In fact, that’s quite an understatement. According to data from Feedvisor, a provider of algorithmic repricing and revenue intelligence, Prime Day orders were up 69% in the first 12 hours vs. 2017, and sales up 89%. Compared to the same period last week on Amazon, sales are up 80%, Feedvisor said.
Right at the 3 p.m. EDT start time on Monday, there was a website crash that prevented shoppers from accessing Amazon.com, leading to images of dogs, apologies and of course lots of social media blowback. After the site was back up, shoppers had to temporarily enter a security code to get in. It’s unclear how long the site was down although some of the issues seem to have been resolved by 4:30 p.m. EDT, while others continued until 7 p.m.

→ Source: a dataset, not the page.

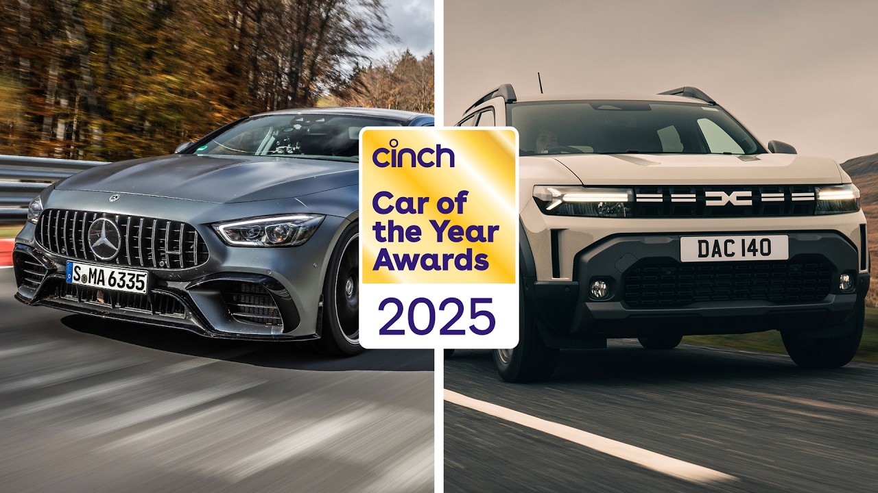 2025 has been a massive year for cars. New players have stormed in. Old favorites like the Ford Capri and Rena 4 have returned, and we’ve been behind the wheel of just about all of them. But now it’s crunch time, the moment we pick our favorites. These are the cars that blew us away the most this year. Welcome to the 2025 Cinch Car of the Year Awards. Let’s go. Kicking us off, we have the best hybrid car category. The hybrid is becoming more important than ever before for eco-conscious drivers. They’re not only increasingly efficient, but they deliver the best of both worlds, balancing petrol and electricity perfectly. There have been some fantastic hybrid cars launched this year, from the new Kia Sportage to Toyota’s latest IGO X. But one stands out above all the others, and that’s why our best hybrid car of the year is the Volkswagen Golf E Hybrid. This plug-in hybrid is everything that’s great about the standard Golf, but takes it up a notch with an 88 mile EVon range. Plus, the new Mark 8.5 waves goodbye to those pesky touch capacitive controls and returns to physical buttons. What a relief. And while the Golf is our go-to, if you want a bit more interior space, we’d recommend the boxy and retroooking Hyundai Santa Fe or the striking Peugeot 508 for that bit of family SUVess in your life. Speaking of SUVs, our next category is for the best large SUV, a class featuring many of the most popular cars for British drivers. But size isn’t the only thing that matters here, because we Brits also pride ourselves on finding a true bargain. And it doesn’t get much better than our best large SUV winner, the Dacer Bigster, which ticks both boxes. We drove the new Bigster in the Alps and were impressed with its off-road capabilities, level of tech, and interior space, which we tested thoroughly by sleeping in it overnight. But aside from that, its starting price of just £21,820 and massive 677 L boot is why it makes for such a great large SUV. As for our runners up, we’ve chosen the Volkswagen Ton because it’s everything that’s great about the Tiguan only bigger and the Citroen C5 Airross. Because if you want a smooth riding, practical SUV, it’s hard to beat. If you’re looking for an elevated driving position, but don’t want to feel like you’re driving a small tank, you may be in the market for a small SUV. Of all the new small SUVs launched this year, the Scoda Lrock stood out the most to us. It’s everything that’s great about SCOD, offering clever storage solutions and a comfortable ride, but without being too serious. We like to think of it as the trusty family dog. It’s dependable, predictable, and just keeps plotting along. Except we’re not entirely convinced a Labrador can walk 360 mi on one charge. Want something a little different, though? Then we’d suggest the new Volkswagen T-Rock, which we were really impressed with when we got a sneak peek at it out in Germany a few months back. And a car is equally bright yellow, the Ford Puma Gen E. The Goldilocks option of the small SUV segment is the perfect size for a small SUV. It’s very efficient with a claimed 5.4 m per kowatt hour and is familiar just like the petrol pummer it’s based on. While SUVs are massively popular, the humble hatchback is having a bit of a renaissance in 2025 as can be seen by the sheer number of new models launched. Our winner for the best hatchback category goes to the Renault Cleo Hybrid. Now the Ford Fiesta is no more. The Renault Cleo Hybrid is one of the few remaining old school hatchbacks for sale. We can’t get enough of its fantastic hybrid system, its manual gearbox, and how beautifully it drives. So, when Renault showed off the brand new Cleo at the Munich Motor Show, we knew it would take the top spot. Sadly, the new one won’t grace our roads until 2027. But it’s not that sad because the current one is still an absolute gem. In second place in our hatchback category is the surprisingly spacious Hyondai Insta. It proves small doesn’t need to be stingy, offering all the tech you could ever want while having a unique seating setup, allowing you to turn it into a bed. No, we’re not joking. In third spot is the Alpine A290, the performance version of the Renault 5, which we gave an absolute thrashing around a racetrack. 220 horsepower, upgraded suspension, and rally inspired headlights. Need we say more? If you like your fast cars, you’re going to want to pay attention to this next category for the best performance car. 2025 has been full of new sports cars, and we’re not talking about the Ferraris and Lamborghinis of the world, because let’s face it, they’re out of reach for most of us. Instead, we’ve chosen three cars that are genuinely enjoyable to drive, and despite being far from cheap, aren’t anywhere as expensive as a brand new Italian supercar. Our best performance car winner is the new Mercedes AMG GT63. Having technology that’s filtered down from its F1 team, the GT63 is one of the finest road cars you can buy. It’s Mercedes way of saying, “Oi, Porsche, we see your 911 GT3, but raise you this instead. It’s not cheap, but close to £200,000 from new, but it all makes sense when you fire up that 4 L V8 and tackle a corner. My god, does it stick to the tarmac. It’s like it’s on rails thanks to that clever active arrow to help it stick to the road.” But another superb option is the new BMW M5, which might just be one of the greatest sports saloons ever made. Now, with a wacky 727 horsepower and a competent plug-in hybrid system with up to 43 mi of EVon range, it’s the best of both worlds. Or if you want a bit more electric range, go for something like the Lotus Amea. With 95 horsepower and a naugh to 62 mph time of just 2.78 seconds, it blew our minds, especially on some bumpy British B-Roads, which it handled excellently. Arguably the most important category this year is that of the best electric car. With so many new bra

“Some customers are having difficulty shopping, and we’re working to resolve this issue quickly,” an Amazon spokesperson told CNN Monday night. “Many are shopping successfully – in the first hour of Prime Day in the U.S., customers have ordered more items compared to the first hour last year. There are hundreds of thousands of deals to come and more than 34 hours to shop Prime Day.”
In Spain, nearly 1,800 Amazon workers walked off the job on Monday for a planned 72-hour strike in a protest over wages and working conditions, with workers in Germany expected to do the same today. This has happened in past years leading up to the Christmas holiday but not on Prime Day. Amazon said the labor issues didn’t materially affect its operations.

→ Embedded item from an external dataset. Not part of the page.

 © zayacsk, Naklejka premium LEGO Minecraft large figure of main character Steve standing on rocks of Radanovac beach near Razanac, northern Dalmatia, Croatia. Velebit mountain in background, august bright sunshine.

“Amazon is a fair and responsible employer and as such we are committed to dialogue, which is an inseparable part of our culture,” the company said in response. “We are committed to ensuring a fair cooperation with all our employees, including positive working conditions and a caring and inclusive environment.”

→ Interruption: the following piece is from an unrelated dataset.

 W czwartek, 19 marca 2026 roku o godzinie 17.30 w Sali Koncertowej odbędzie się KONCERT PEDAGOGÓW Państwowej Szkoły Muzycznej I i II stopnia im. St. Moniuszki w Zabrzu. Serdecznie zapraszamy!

Advocacy groups have organized a boycott of Amazon and protests outside Whole Foods Markets throughout Prime Day to pressure the company to not sell Nazi, Confederate and white supremacist items from third-party merchants.
“The goal of #PrimeDayofAction is to raise awareness about the harmful practices of the nation’s largest online retailer and to ask: is there anything Amazon won’t do for a dollar?” said The Action Center on Race and the Economy.
In a counter to all the bad PR moments, Amazon sent out a number of press releases this morning touting new Amazon Web Services contracts with Major League Baseball, 21st Century Fox and Epic Games. AWS is by far the biggest profit center for Amazon, which made it easier for the company to spend more than $7 billion in shipping costs last year. That rapidly rising figure is the impetus for Amazon’s ever-expanding logistics developments, an attempt to lessen its dependence on major carriers and handle peak volumes.